Wednesday, January 14, 2009

Recovering from Service Failure

As IT service providers we often come across service failures, some of which happen consistently. This isn't necessarily a disaster for the CIO or the IT service provider. If the service recovery - the actions taken in response to the failure - is handled well, then customer/user satisfaction, trust and loyalty can actually increase. I have actually seen it quite a few times and even though proactiveness is always preached and feels good to say in theory, but reactive actions are almost always rewarded.

Service failures are always occurring - but what matters more are the actions taken to recover from the failure, which have multi-dimensional impacts on the IT department. Indeed, service recovery is the acid test for customer orientation: if an IT shop or the CIO does not excel in this, then it is not customer oriented.

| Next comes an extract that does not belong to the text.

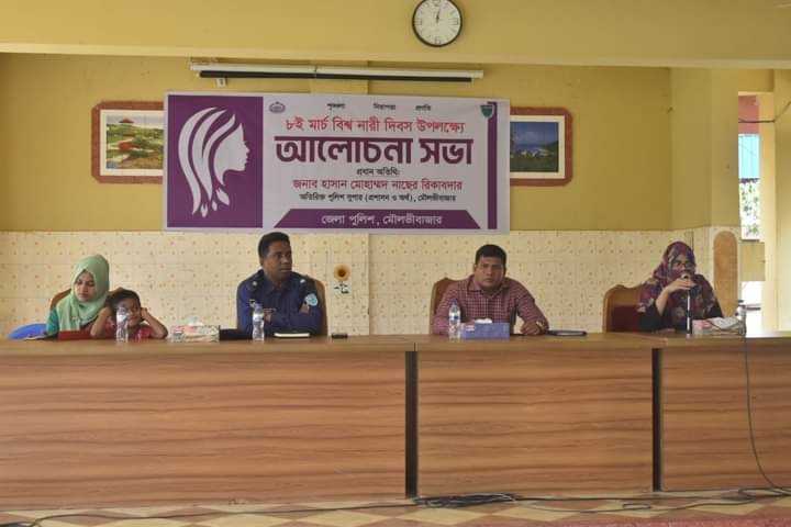 বিশ্ব নারী দিবস উপলক্ষে মৌলভীবাজার জেলা পুলিশের আয়োজনে বিশেষ আলোচনা সভা অনুষ্ঠিত হয়েছে।

Good service recovery can build commitment and trust between the IT department and the users, which increases user satisfaction and loyalty. More importantly, business starts to feel that IT is delivering what business wants, whereas at a lot of companies in Calgary I hear that IT and business work in their own silos.

Even though it may seem like a paradox, the whole experience can generate more goodwill for the IT shop that if nothing had gone wrong in the first place.

In contrast, service recovery failure - even for a relatively minor incident - can increase customer dissatisfaction and frustration. This makes them more likely to say negative things about the IT's ability to deliver.

So the question is whether recovery is proactive?